Ren Hang died on Feb. 24 at the age of 29. His cause of death has not been confirmed yet, but according to official reports, he took his own life after years of suffering from depression. Hang left behind a long lasting legacy through his stunning and influential artistry.
Hang went from studying marketing at 17 to becoming one of the most unique and controversial photographers in the world. He taught himself how to use a film camera, practicing on his friends and decided it was the right path he wanted to take in his life.
Hang was known for his provocative, sexual photos of Chinese subjects and their sexuality. Many of his photos display young, naked Chinese men and women, and spotlights queer representation. The motive behind Hang’s work is to expose an aspect of Chinese culture that is kept hidden: sex.
Sex is a taboo thing in China and is rarely ever talked about, let alone visually shown. Hang’s exhibits have been shut down due to his presentation of nude models and sexual innuendoes. He’s also been arrested several times, but it never stopped him from continuing to publish these nude and racy photos. He said in an interview with VICE, “The Art of Taboo,” the censorship in his own country drives him to take more photos.
He self-published multiple books, and they are available worldwide. For many photographers, his distinct work will become a collectors’ item.
Hang has also been praised for presenting images of human sexuality, including queer relationships. In regards to homosexuality, according to Wikipedia, in China, it did not become decriminalized until 1997, and in 2001, it was taken off a list of mental illness. According to Foreign Policy, still has no legislation protecting LGBTQ+ Chinese citizens from discrimination for their sexual orientation, however there are some internal consequences being put in place by business looking to rid of bullying.

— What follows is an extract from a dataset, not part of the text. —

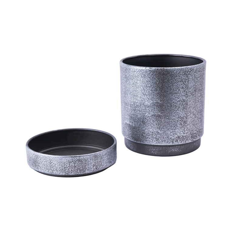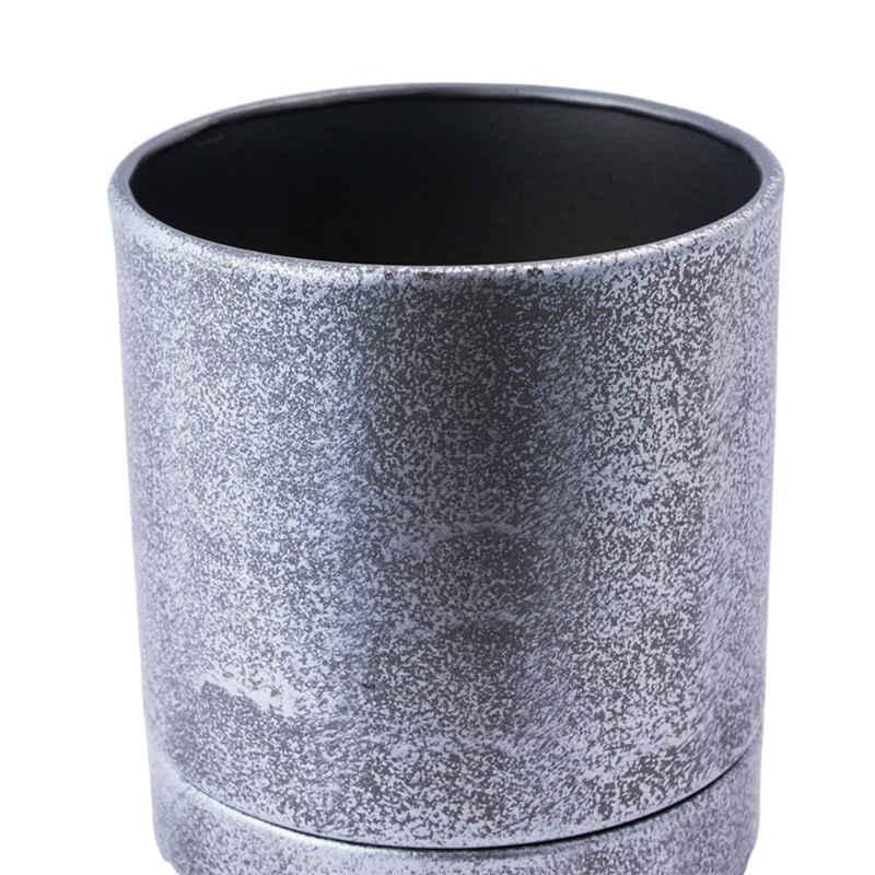 ホワイエ 植木鉢 MC円柱メタルECOポット 受け皿付き 直径10cm シルバーブラック

Hang’s photography allows those within the LBGTQ+ community to feel accepted, and also draws attention these relationships that are still shunned upon. It also makes viewers think about how we should cherish our bodies more, not censor them. Although he wouldn’t agree, Hang will be remembered for pushing boundaries of queer representation and human sexuality in China. He said in an 2013 interview with Taschen editor Dian Hanson, his work was never meant to be political, it’s more about its visual impact.
“I don’t really view my work as taboo, because I don’t think so much in cultural context, or political context. I don’t intentionally push boundaries, I just do what I do.”